[[ Exercise data open ]]

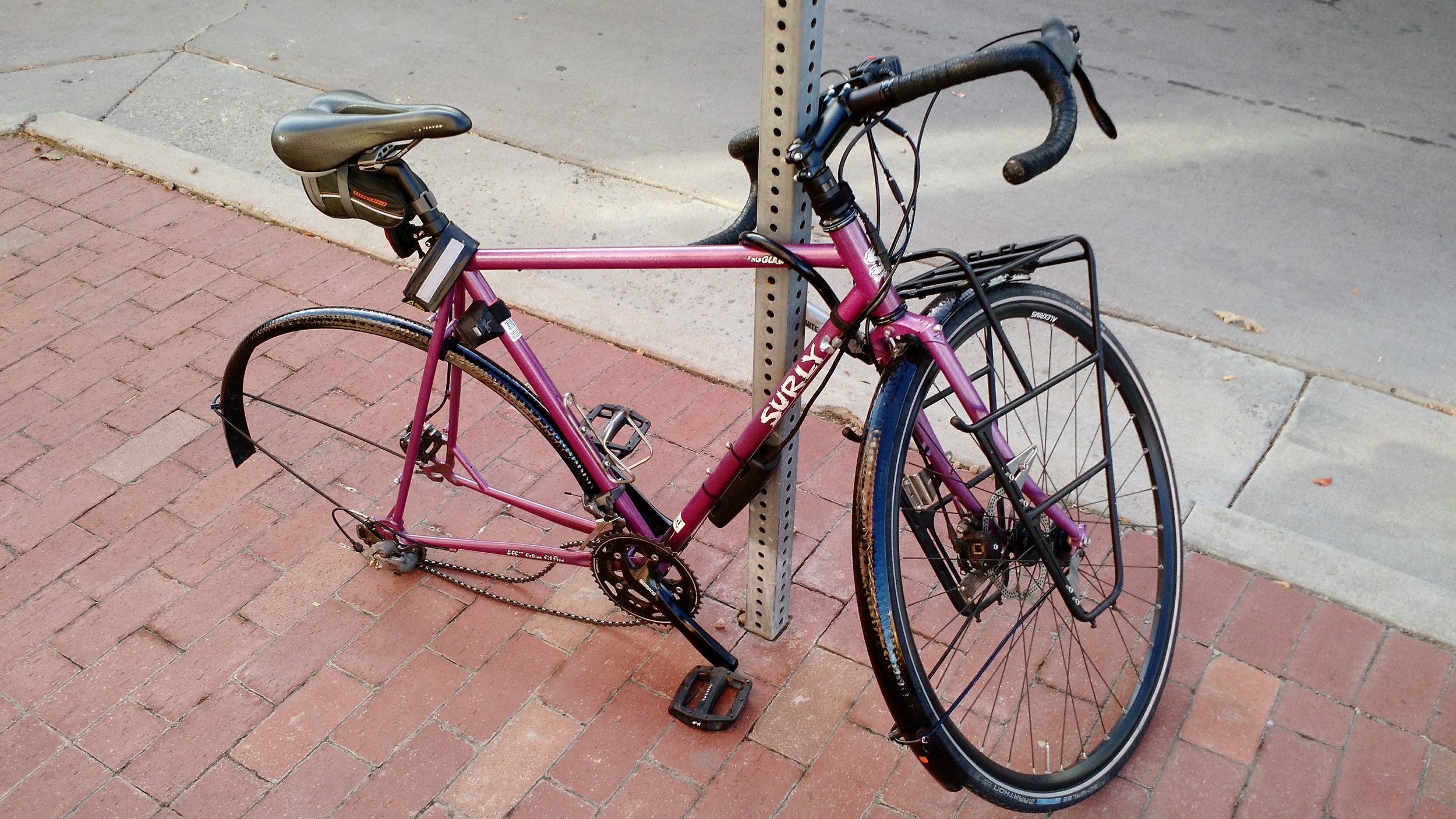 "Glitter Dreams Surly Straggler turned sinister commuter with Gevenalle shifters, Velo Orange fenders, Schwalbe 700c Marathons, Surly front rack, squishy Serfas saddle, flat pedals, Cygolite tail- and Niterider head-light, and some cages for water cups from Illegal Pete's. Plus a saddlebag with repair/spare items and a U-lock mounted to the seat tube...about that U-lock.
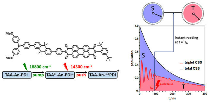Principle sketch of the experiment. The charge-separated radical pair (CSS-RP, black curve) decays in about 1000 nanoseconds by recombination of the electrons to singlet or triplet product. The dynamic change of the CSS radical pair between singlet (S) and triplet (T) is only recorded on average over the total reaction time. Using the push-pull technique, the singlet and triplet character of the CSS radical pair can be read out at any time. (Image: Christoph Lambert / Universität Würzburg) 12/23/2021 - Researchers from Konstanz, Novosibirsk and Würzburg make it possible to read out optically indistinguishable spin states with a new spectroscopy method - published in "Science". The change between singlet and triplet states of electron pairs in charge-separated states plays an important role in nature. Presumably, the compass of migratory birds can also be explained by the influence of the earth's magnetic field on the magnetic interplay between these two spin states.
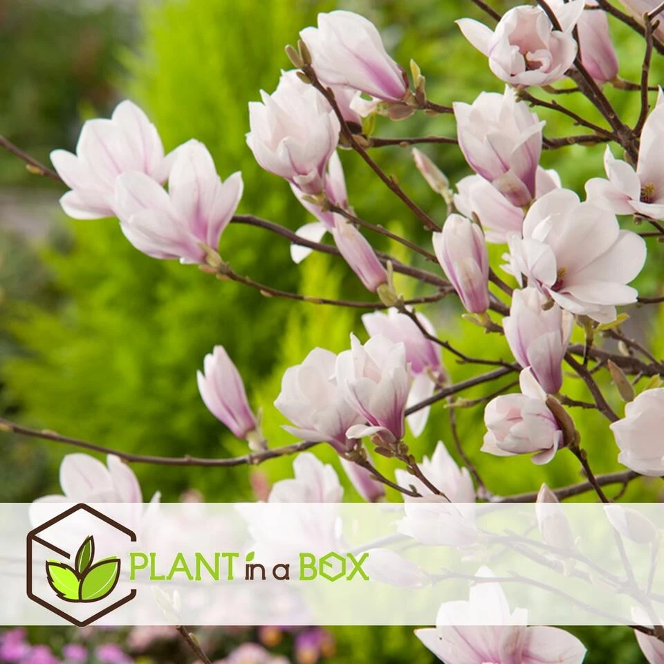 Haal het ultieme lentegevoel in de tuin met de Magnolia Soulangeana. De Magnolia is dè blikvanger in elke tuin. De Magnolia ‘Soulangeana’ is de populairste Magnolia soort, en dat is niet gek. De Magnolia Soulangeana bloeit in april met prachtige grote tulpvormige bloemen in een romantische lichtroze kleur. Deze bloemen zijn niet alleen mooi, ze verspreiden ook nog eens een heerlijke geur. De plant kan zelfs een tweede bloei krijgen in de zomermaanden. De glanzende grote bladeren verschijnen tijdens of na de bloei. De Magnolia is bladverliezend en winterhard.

[[ Exercise data closed ]]

**Problem statement:**
Word for word, write out the full listing, leaving the pictures aside.

**Output of the exercise:**
 "Glitter Dreams Surly Straggler turned sinister commuter with Gevenalle shifters, Velo Orange fenders, Schwalbe 700c Marathons, Surly front rack, squishy Serfas saddle, flat pedals, Cygolite tail- and Niterider head-light, and some cages for water cups from Illegal Pete's. Plus a saddlebag with repair/spare items and a U-lock mounted to the seat tube...about that U-lock.
Principle sketch of the experiment. The charge-separated radical pair (CSS-RP, black curve) decays in about 1000 nanoseconds by recombination of the electrons to singlet or triplet product. The dynamic change of the CSS radical pair between singlet (S) and triplet (T) is only recorded on average over the total reaction time. Using the push-pull technique, the singlet and triplet character of the CSS radical pair can be read out at any time. (Image: Christoph Lambert / Universität Würzburg) 12/23/2021 - Researchers from Konstanz, Novosibirsk and Würzburg make it possible to read out optically indistinguishable spin states with a new spectroscopy method - published in "Science". The change between singlet and triplet states of electron pairs in charge-separated states plays an important role in nature. Presumably, the compass of migratory birds can also be explained by the influence of the earth's magnetic field on the magnetic interplay between these two spin states.
 Haal het ultieme lentegevoel in de tuin met de Magnolia Soulangeana. De Magnolia is dè blikvanger in elke tuin. De Magnolia ‘Soulangeana’ is de populairste Magnolia soort, en dat is niet gek. De Magnolia Soulangeana bloeit in april met prachtige grote tulpvormige bloemen in een romantische lichtroze kleur. Deze bloemen zijn niet alleen mooi, ze verspreiden ook nog eens een heerlijke geur. De plant kan zelfs een tweede bloei krijgen in de zomermaanden. De glanzende grote bladeren verschijnen tijdens of na de bloei. De Magnolia is bladverliezend en winterhard.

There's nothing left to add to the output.